Strengthening the core

The first priority is to reinforce the value of a publisher’s own destination. Strong editorial identity and a clear brand voice give readers a reason to come back. Investigative reporting, live coverage and deeply reported opinion pieces resist machine-generated simplification and highlight a publisher’s expertise. Investing in these formats makes the brand indispensable and difficult for AI to replicate.

Loyalty programs can also deepen ties. Offering exclusive access, community recognition or tangible perks encourages habitual engagement without relying on restrictive paywalls. The goal is voluntary, not coerced, return visits. Readers should want to come back because the experience is worth it., rather than being pressured through paywalls, aggressive pop-ups, or other forms of friction that limit genuine choice.

Expanding discovery and engagement

Relying on search alone is no longer viable. Audience acquisition needs to extend across a wider ecosystem: partnerships with other respected outlets, distributed content on reliable platforms, curated newsletter growth and smart syndication. Each step reduces dependence on any single traffic source and introduces the brand to new readers. Some publishers have shown how effective this can be, with audience acquisition programs generating hundreds of millions of additional monthly page views across participating outlets, helping to fill gaps left by declining search traffic.

Discovery must also go beyond distribution. Publishers can build intentional paths into their ecosystems by embracing products like curated apps, podcasts, and social channels that are designed to funnel audiences back to their owned platforms. The goal is to make discovery a two-way street: audiences find the publisher, but the publisher also actively guides them toward deeper engagement.

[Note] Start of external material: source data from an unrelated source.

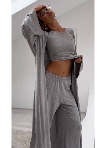 Комфортний та стильний костюм, що поєднує в собі легкість і гармонію. У комплект входить довгий кардиган, лонгслів, який красиво підкреслює талію (на фото представлений у підвернутому вигляді), та штани вільного крою на еластичній резинці. Виріб виконаний із легкої, приємної до тіла тканини, яка забезпечує комфорт протягом усього дня.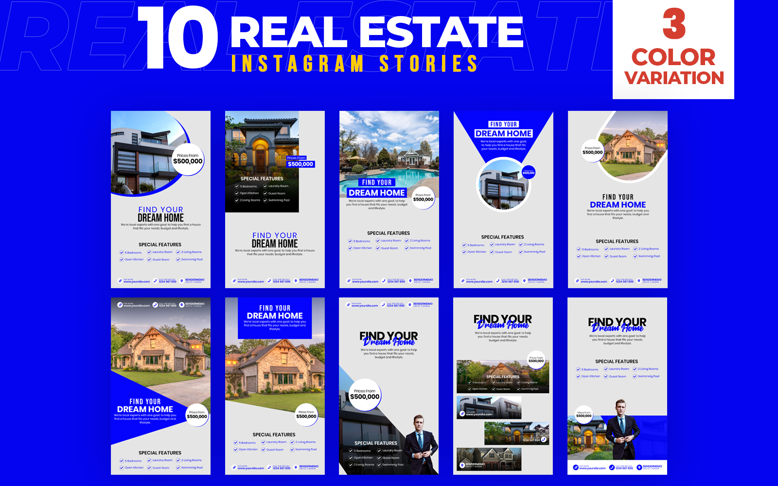 Download Шаблон для соцсетей "Real Estate 10 Instagram Stories Social Media Template" / Real Estate 10 Instagram Stories Social Media Template - Шаблон для соцсетей на тему графика banner,advertising,building,commercial,complex,duplex,facebook,instagram,houses,land,landed,estate,property,mortgage,real,realty,rental,residential,rezidange,sale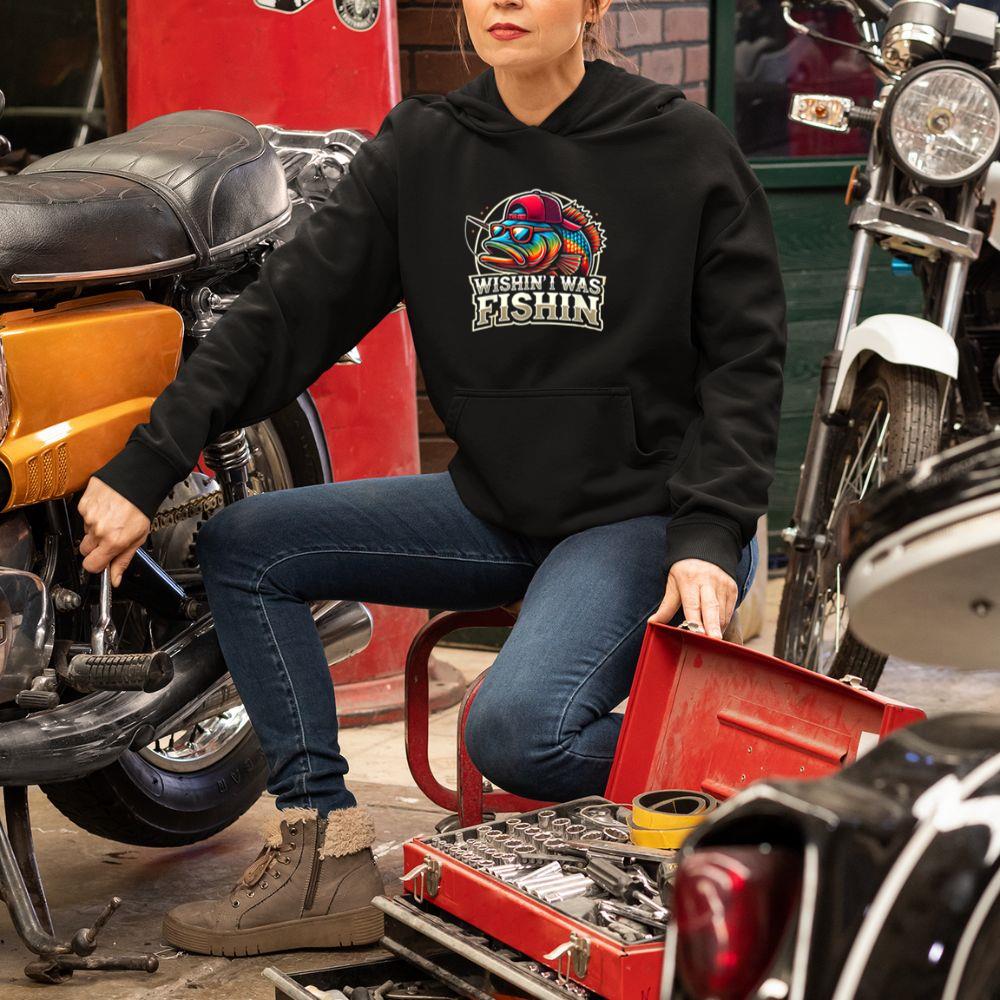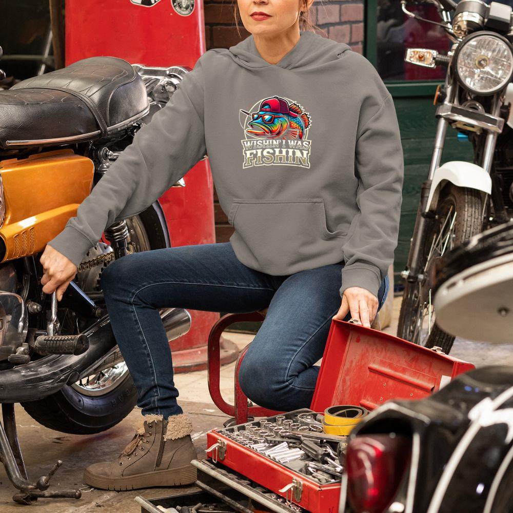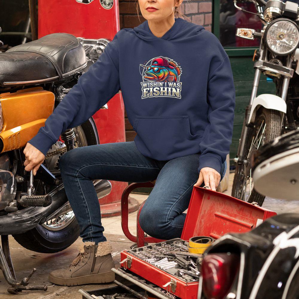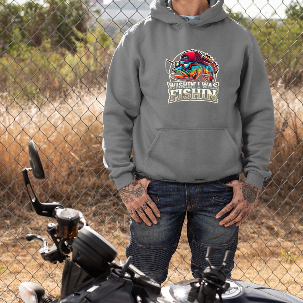 Thebestfathersonsmatchingshirts Wishin’ I Was Fishin’ Funny Fishing Fisherman Father’s Day Unisex Hoodie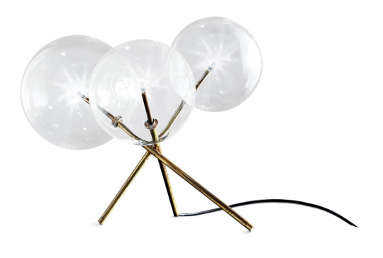 带可调光 LED 灯的台灯。透明口吹水晶球。手工抛光黄铜的金属零件。黄铜自然染色且不均匀。这种工艺赋予每件作品独特的独特性,使其独一无二。包括灯泡 (LED)。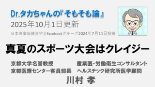 川村孝先生の日本産業保健法学会Facebookグループへの2024年7月11日の投稿のアーカイブです。 真夏のスポーツ大会240711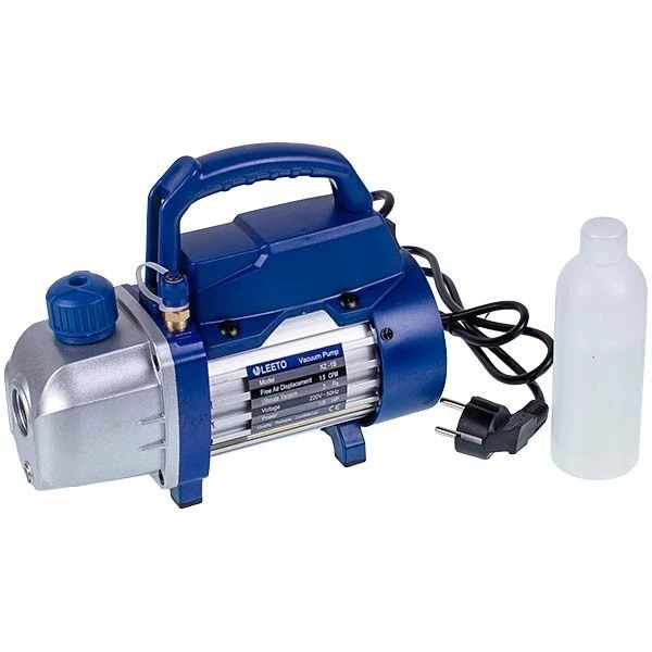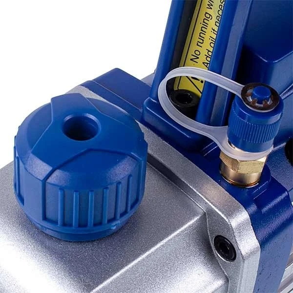 Одноступеневий вакуумний насос, призначений для вакуумування фреонових магістралей в системах охолодження і кондиціонування, виготовлений з алюмінієвого корпусу (який добре розсіює тепло), як єдиний пристрій без редуктора (для більшої компактності та зниження ваги), з еластичною муфтою між рухомими частинами (для низького шуму та вібрації).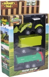 - Traktors, 2× piekabe (apm. 15 × 6 × 7 cm katra)
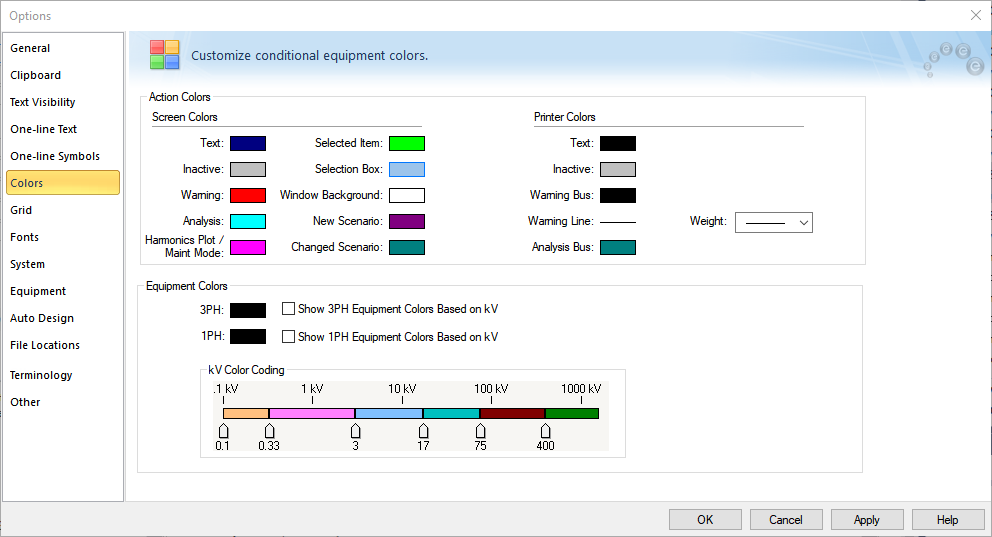 打开一个运行方式时,这些颜色生效。所有新增的元件将以新建运行方式的颜色突出显示。所有改变的项目(那些已经存在的基本情况,但在方案中被改变)的显示使用更改方案颜色。

Once visitors arrive, their time must count. Interactive storytelling, immersive explainers and vertical video feeds keep users exploring. Research shows vertical video can generate more than triple the time spent compared with high-impact display ads. Formats that encourage longer sessions strengthen the relationship and increase the value of every visit.

Using AI as an ally

Avoiding AI altogether is not the answer. Publishers can harness machine learning to improve personalization and relevance. AI-powered recommendation engines surface content tailored to individual preferences, reinforcing the brand’s value through context and depth. The key is to integrate AI as a tool for engagement while maintaining control of the narrative.

AI can also automate low-value newsroom tasks such as headline testing, tagging, or formatting, freeing journalists to focus on reporting that machines cannot replicate. At the same time, it strengthens the use of first-party data, helping publishers uncover patterns that drive more relevant content and advertising while respecting privacy. Used in this way, AI becomes less a threat and more a tool to deepen engagement, improve efficiency, and support the distinctive editorial voice that sets publishers apart.

Search and AI: navigating the road ahead

The next five years will determine which digital media companies maintain authority and revenue. Those that cultivate direct relationships, amplify unique editorial strengths and create richer on-site experiences will weather the volatility of platform-driven traffic. Those that don’t risk fading behind a layer of algorithms.

What is unfolding is not just a shift in referral traffic but a structural reordering of how information is discovered, trusted, and monetized. Search is no longer the dependable gateway it once was, and AI is accelerating the pace of change. Publishers that thrive will be those who see discovery as an ecosystem rather than a single channel, who treat loyalty as a relationship rather than a transaction, and who use technology to enhance — not replace — their editorial identity.

The future of publishing will not be decided by algorithms alone. It will be shaped by the ability of publishers to assert their value, claim their place in the open internet, and remind audiences that real journalism and original voices are worth seeking out.